Дальнейшее произошло почти без моего участия: всё за меня сделал мой мозг. Он отдал приказ рукам схватить одеяло и резким движением раскрутить его над головой. Я продолжал лежать, а надо мной крутился байковый пропеллер. Обезьяны отпрыгнули на метр и выглядели явно ошарашенными. Я же, продолжая вращать одеяло, встал на колени, потом на корточки, а потом и в полный рост.

Тут только я заметил, что несколько десятков студентов собрались внизу и молча наблюдают за происходящим. Они смотрели на крышу, на обезьян, на одеяло, но только не мне в глаза. Так я и спустился, вращая одеялом над головой и тоже стараясь не смотреть в глаза товарищам.

Расшифровка видений

На утренней медитации седьмого дня у меня перед глазами вдруг ясно предстало повторение ситуации, происшедшей за день до этого на крыше. Я лежал на своем байковом одеяле с устремленными в небо глазами, а обезьяны как-то очень по-человечески, на цыпочках, подкрадывались ко мне. Чем ближе они подступали, тем неспокойнее делалось мое лицо.

Видения, возникающие во время медитаций, часто плохо поддаются расшифровке, но здесь все было ясно: обезьяны были моими санкарами — событиями прошлой жизни, которые я вновь и вновь прокручивал в собственной памяти, которые терзали меня невозможностью вернуться назад во времени — перескочить, перешагнуть, перелететь, пере-что-хочешь — и все переиначить: что-то сделать по-другому, а чего-то не делать вовсе.

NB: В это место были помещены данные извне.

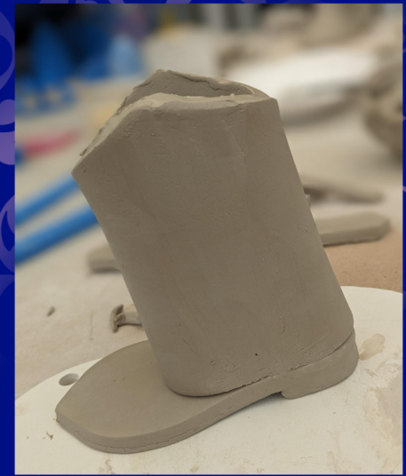
8. attach the boot to the sole like this

Мы тысячекратно проговариваем одни и те же бесконечные диалоги, находя всё новые и новые — еще более убедительные! — аргументы нашей правоты. Мы опять и опять проходим перекрестками прошлого, выбирая всё новые и новые — еще более изощренные и привлекательные! — пути. И при этом ничто не меняется в нашей жизни. Лишь все несчастливее и горше становится настоящее. И знайте: это настоящее, в свою очередь став прошлым, испортит наше будущее!

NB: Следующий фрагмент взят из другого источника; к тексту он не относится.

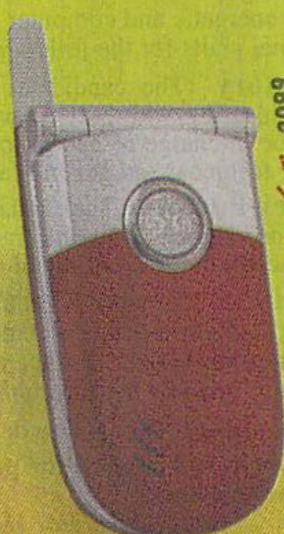
Color Display Polyphonic Ringtone Games

UTStarcom C11601 | Tk. 2599 (Connection + Handset)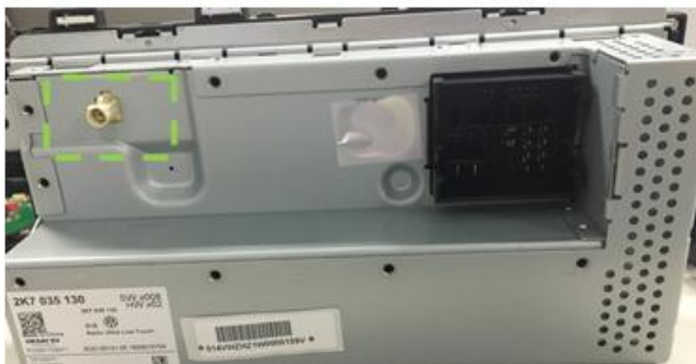
With AM/FM, Without DAB Function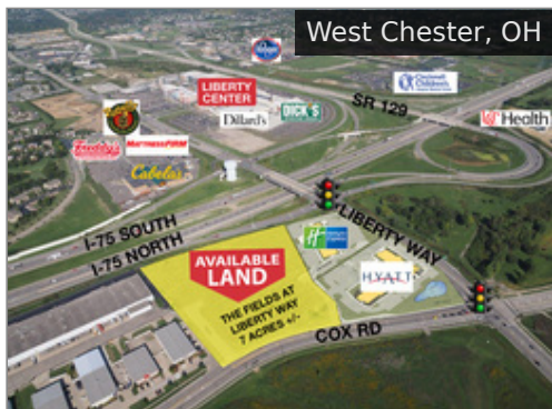
THE FIELDS AT LIBERTY WAY - L Subject To Offer

Ничто в мире не происходит без причины. И каждая причина есть следствие какой-то иной причины. И так без конца. Нельзя устранить следствие, не разорвав цепочку событий, ему предшествовавшую. Так сказал Будда.

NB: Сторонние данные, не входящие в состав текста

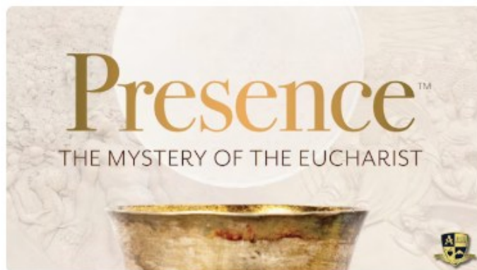
Presence: The Mystery of the Eucharist

Я решил пройти курс Випассаны, мало что зная о Будде и его открытиях. Меня вдохновляла надежда изменить собственную жизнь. Но еще больше — желание проделать эксперимент на выживаемость: как-то я смогу просидеть сто часов и промолчать десять дней?

И я сидел и молчал, сидел и молчал… Но на седьмой день получил неожиданный результат: я увидел себя в окружении своих извечных обезьян. Увидел с нового ракурса, со стороны. Здесь не было нужды искать себе оправдания и казаться лучше, не нужно было спорить ни с собой, ни с другими. Все было очевидно. Я был таким, каков я есть на самом деле, и отсюда, с высоты полета божьей коровки, я видел не только следствие, но и бесконечную цепь причин.

Быть может, впервые в жизни я оказался во вселенной со множеством центров и понимал, что не только другие — близкие и далекие, друзья и враги — дают пищу моим обезьянам, но и сам я всего только одна из обезьян в их мире под голубым небом на бетонной крыше.

Это новое знание было печальным. Но одновременно и давало надежду: надо научиться сохранять внутреннее равновесие, перестать реагировать на телесные ощущения (как же меня ломало в те утренние часы седьмого дня!), и обезьянам станет скучно, они отступят, перестанут корежить мою жизнь и оставят в покое мои «вьетнамки».

Никто в ничьей шубке

На восьмой день, гуляя по «туалетной» тропинке, я увидел в траве землянику. До сих пор я не встречал в Индии наших лесных ягод. Ни земляники, ни черники, ни брусники. Я наклонился и почувствовал сладкую тягостную тоску. А когда срывал ягоду, ощутил, как колотится сердце. И хотя земляника оказалась водянистой и несладкой, в тогдашнем моем состоянии это не имело значения.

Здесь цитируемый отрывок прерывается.